Brown said that's a significant amount of money the state needs to fix crumbling roads and highway infrastructure.
"Our state is in a financial crisis," he said. "Our roads and bridges are falling apart. If you look at MnDOT's 20-year plan they identify many unfunded high priority needs. This is the moment for Minnesotans to go to their legislators and tell them to end the $18.5 million in annual gas tax diversions to motorized recreation."
Brown said there are questions about the constitutionality of the diversions, and about how much should be diverted.
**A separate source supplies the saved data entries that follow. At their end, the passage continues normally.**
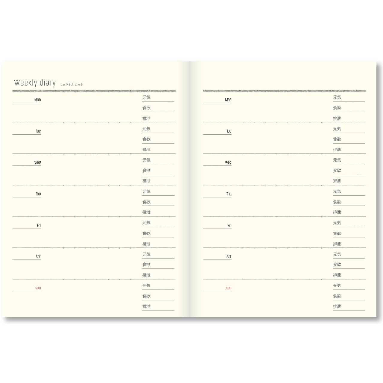・ウィークリー手帳(日付フリー)
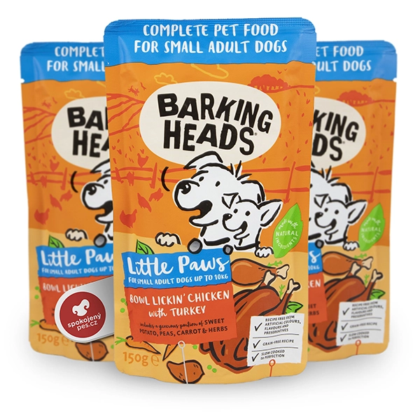 5x kapsičku Barking Heads Little Paws Lickin'Chicken, Turkey 150 g.
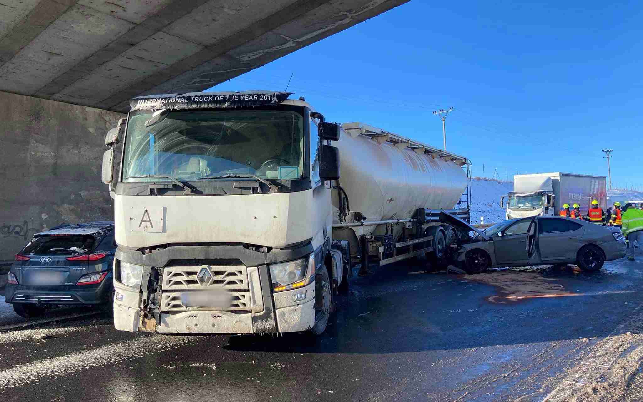 Lounsko – Na dálnici D7 - 36,5 km ve směru na Prahu v úrovni Panenského Týnce došlo krátce po desáté hodině k dopravní nehodě 2 nákladních automobilů a dvou osobních vozidel.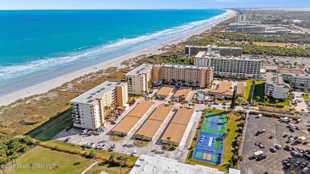 Experience true OCEANFRONT living in this meticulously maintained 2 bedroom, 2 bathroom condo in Cocoa Beach! Featuring an open-concept living area that seamlessly blends kitchen, dining, & living-making it perfect for entertaining. Enjoy ocean views from your private balcony, accessible from both the living room & the spacious primary suite, complete with a walk-in closet. In-unit washer & dryer. Private beach access with a rinse station makes every beach day effortless. Community amenities feature heated pool/hot tub, fitness center, tennis/pickleball courts, car wash station, EV charging station, elevator & stair access. A shared garage adds valuable storage and parking. Conveniently located near local shopping, dining, & entertainment.Perfect as a full-time residence, vacation home, or investment property(2 month minimum rental)! Offered fully furnished. Don't miss your chance to own a piece of paradise!

The use of gas tax revenues for recreational purposes dates back to 1960 when money was diverted for boat infrastructure and water-based law enforcement. The state tries to estimate how much to divert based on studies like a 2005 mail survey to determine how much fuel ends up in ATVs. The results of that study led to an additional $1 million a year going into the ATV-dedicated account.
But the formulas are troubling some public transportation advocates like Margaret Donahoe with the Minnesota Transportation Alliance. She wants to make sure the roads are receiving enough of the money.
"You know, a small bridge can cost half-a-million dollars to replace it," Donahoe said. "So, you could do a number of bridges. You could do a number of overlays, repairs, fixing potholes. You could do a lot with $18 million."
ATV owner and chair of the Senate Tax Committee, DFLer Tom Bakk of Cook, says the system is fine.
"It's based on the number of machines and the average number of gallons of gasoline consumed, or it's based on some survey," Bakk said. "You have to base it on something. And it just plugs into a formula, and I think it's pretty fair."
He said the tax diversion system has provided Minnesota with high-quality boating opportunities and motorized recreational trails that benefit the rural economy.
"It really is an industry that's kind of stood on its own, with registration fees, with the in-lieu of payment of gas taxes," Bakk said. "They've built an incredible trail system, and they've paid for a lot of enforcement. In the case of boats and the water-rec account -- invasive species work, boat landing work -- there's a lot of good that's come out of it and it's really been paid by the users."
Ending the funding altogether, Bakk said, means you have to fund trails and enforcement from somewhere else, like the state's general fund.
Bakk doesn't see support in the legislature for ending the tax diversion. A proposal to commission a new ATV study through the University of Minnesota was halted at the Capitol. Minnesotans for Responsible Recreation, meanwhile, is taking its pitch to the state's candidates for governor. They plan to find where candidates stand on non-road gas tax diversions, hoping to use the issue in the governor's race.